◆ **Work required**:
Reproduce, exactly and in full, the lines from the one with "- Zwei Befestigungspunkte" through the one with "The original oil" in the data below; drop pictures.

◆ **Excerpted data**:
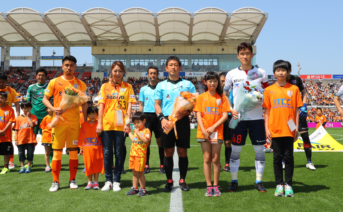 主審・両チームキャプテンへ花束贈呈 ©︎︎︎S-PULSE
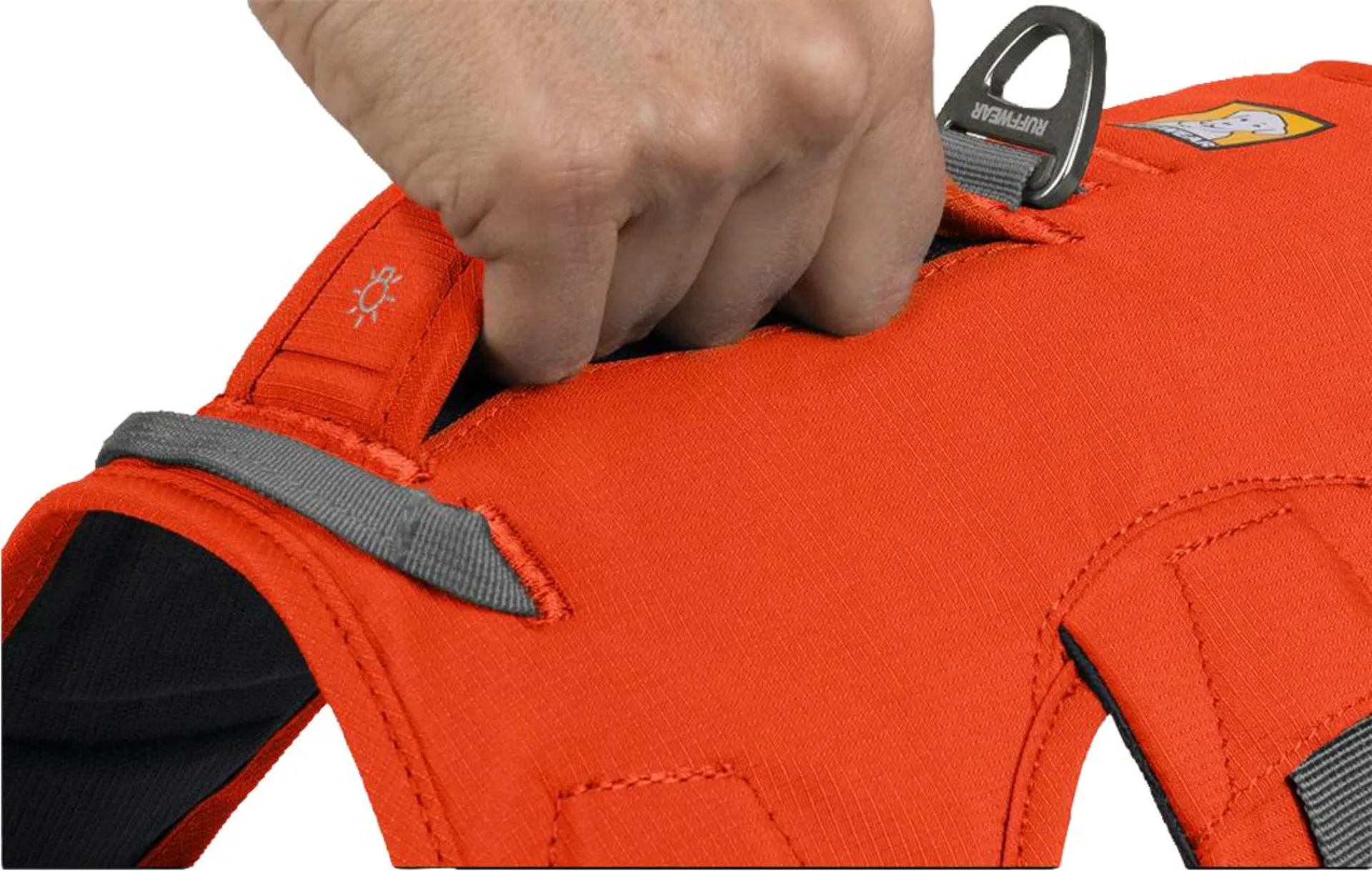 - Zwei Befestigungspunkte für die Leine: Aluminium-V-Ring und verstärkte Stoffschlaufe
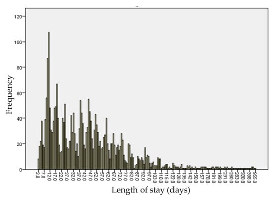 Frequency distribution of length of stay for 2584 cats adopted from an urban shelter.
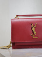 SUNSET SMALL BAG 19 IN RED CALFSKIN COPPER HARDWARE
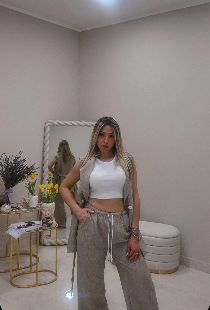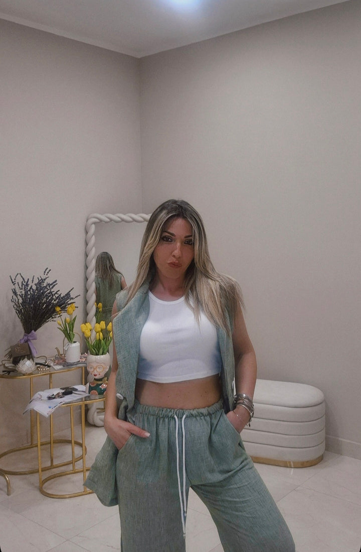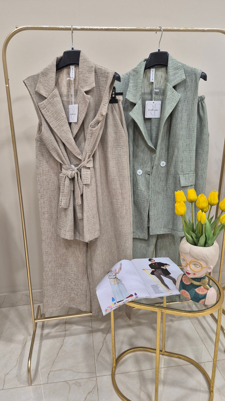 Freschezza, comfort e stile in questo Coordinato Casual. Perfetto per l'estate, il pantalone e la giacca-gilet lo rendono comodo e alla moda. Ideale per un look casual ma sempre elegante. Aggiungi questo coordinato alla tua collezione estiva!
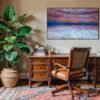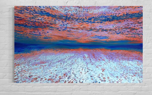 The original oil painting was created by Veru Narula in his studio and captured a fleeting moment. Each print is created at an Atelier in Los Angeles that actually is so pristine that it at times surpasses the amazing recessional effect of the original. Additionally, each print is unique because a textured gel applied by hand at the Atelier to the top waves to give a glistening effect. Ocean of Abundance Prints are superior products, and are wrap printed on the side and comes ready to hang with wire attached at the back. If you prefer a frame, that is available at check out and comes in White, Black and Oak Wood.
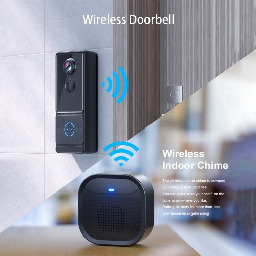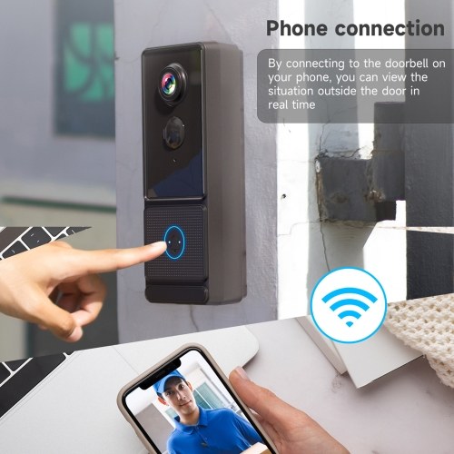 【Two-way Audio Communication】: The video doorbell features a built-in microphone and speaker, enabling you to have real-time conversations with your visitors. Whether it's a delivery person or a friend dropping by, you can easily communicate with them without opening the door.
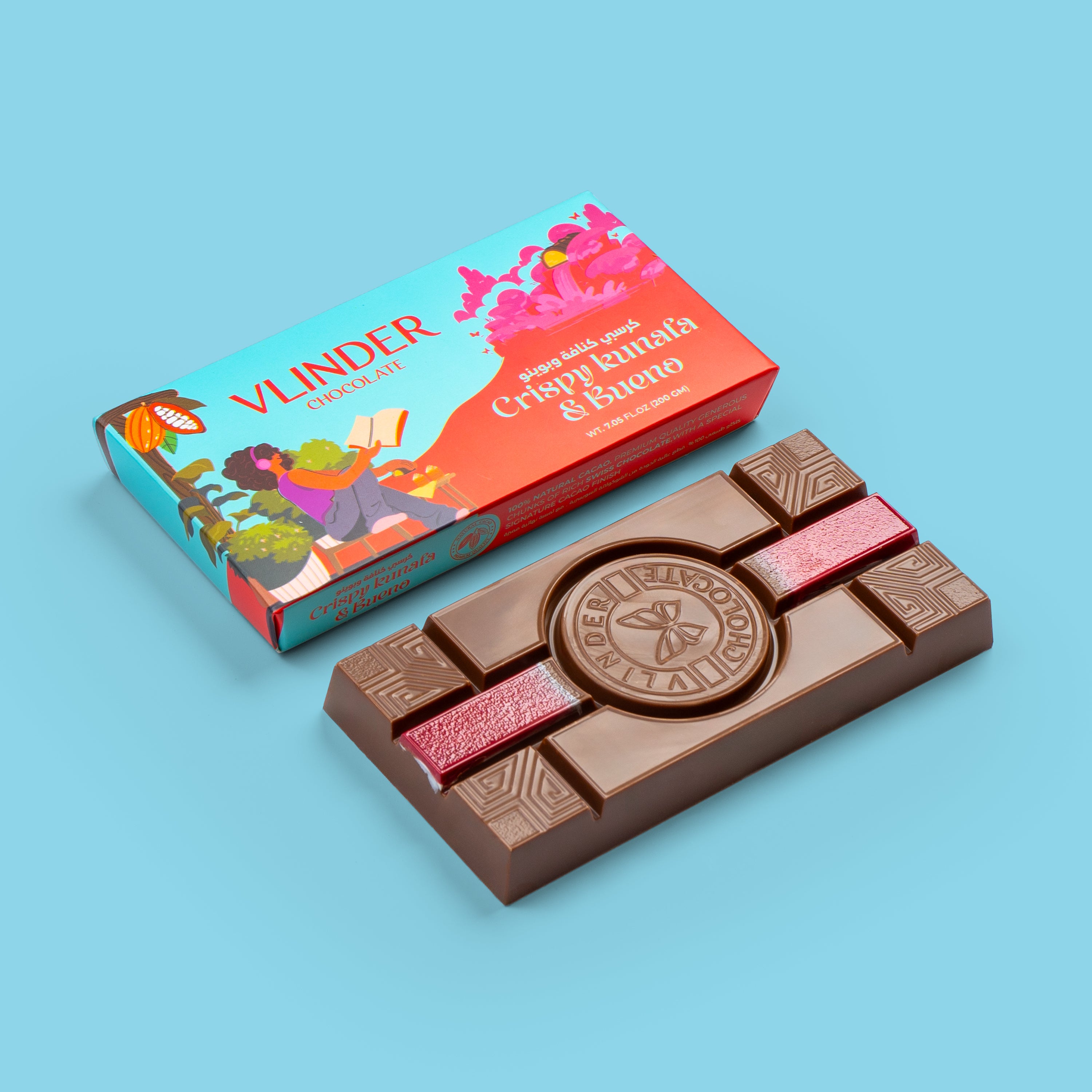 Swiss chocolate bar filled with Kinder Bueno cream and crunchy Arabic kunafa
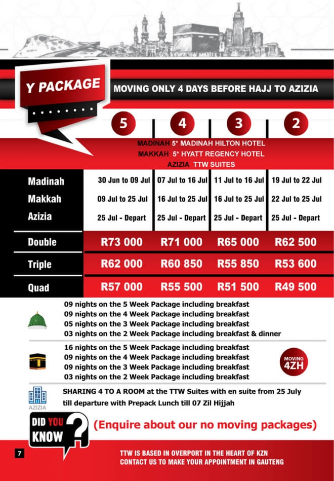 Disclaimer: Kindly check and confirm details with operators before booking. Package Information has been uploaded onto our website as received, and may have changed. Hotel Information has been sourced from websites like Google Maps, Wikimapia and Hotels.com. If any of the information is incorrect, kindly let us know via email: info@hajjumrahinfo.co.za - Shukran
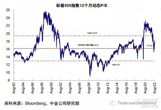 那么对于整个市场而言,毫无疑问正在进行和即将到来的大概率是“紧缩交易”,也就是说美股股指当前仍然面临下行的压力(起码是1~2月内),不管是Eps forecast还是实际利率的压力:市场对于衰退的定价仍然不充分,下图就是sp500 Q2 earning ex-energy的表现,很清晰能看出来股票市场对于分子端的下滑没有完全计价。对于实际利率,Powell已经明说了,短期不要预计大幅度下滑,所以分母端也不要太期待给股指带来正向收益。而且,股指根据估值来看(借用中金的图),这个位置略有尴尬。
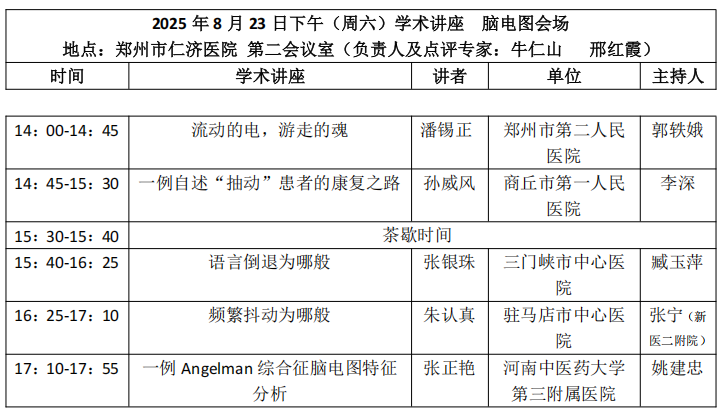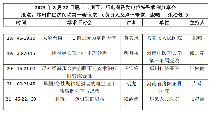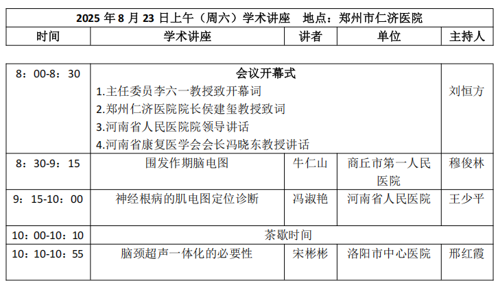 由河南省康复医学会主办,郑州仁济医院、河南省人民医院承办 的“2025 年河南省康复医学会临床神经电生理分会学 术年会暨临床神经电生理学临床应用论坛”将在郑州仁济医院盛大召开。
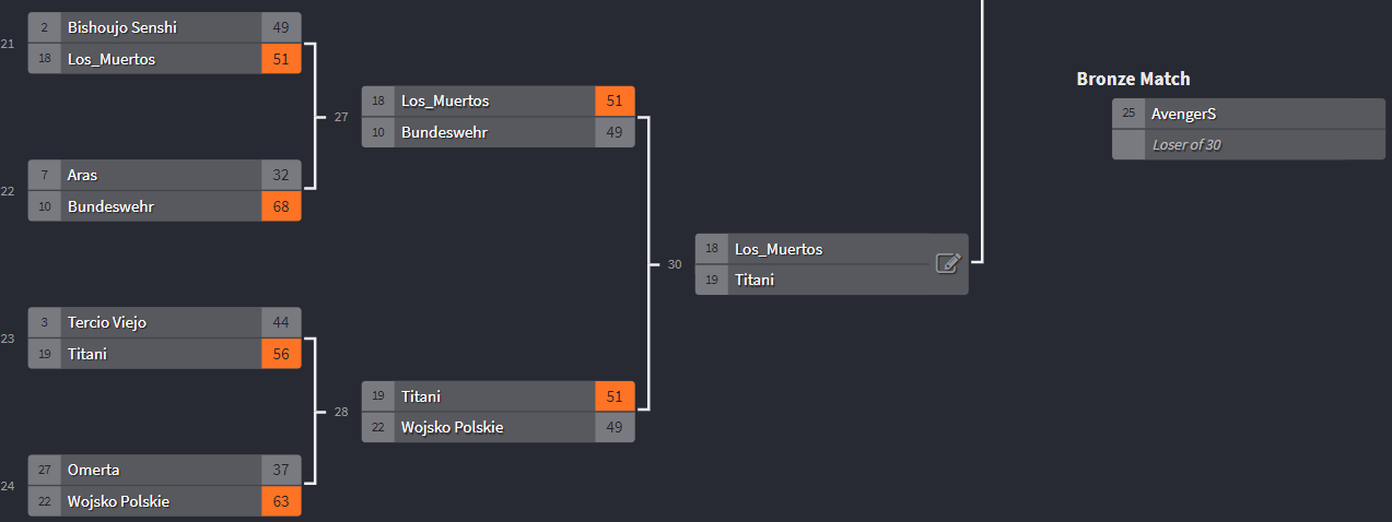 Now LOS MUERTOS is competing against TITANI for the second place of the final.

◆ **Solution to the exercise**:
 - Zwei Befestigungspunkte für die Leine: Aluminium-V-Ring und verstärkte Stoffschlaufe
 Frequency distribution of length of stay for 2584 cats adopted from an urban shelter.
 SUNSET SMALL BAG 19 IN RED CALFSKIN COPPER HARDWARE
 Freschezza, comfort e stile in questo Coordinato Casual. Perfetto per l'estate, il pantalone e la giacca-gilet lo rendono comodo e alla moda. Ideale per un look casual ma sempre elegante. Aggiungi questo coordinato alla tua collezione estiva!
 The original oil painting was created by Veru Narula in his studio and captured a fleeting moment. Each print is created at an Atelier in Los Angeles that actually is so pristine that it at times surpasses the amazing recessional effect of the original. Additionally, each print is unique because a textured gel applied by hand at the Atelier to the top waves to give a glistening effect. Ocean of Abundance Prints are superior products, and are wrap printed on the side and comes ready to hang with wire attached at the back. If you prefer a frame, that is available at check out and comes in White, Black and Oak Wood.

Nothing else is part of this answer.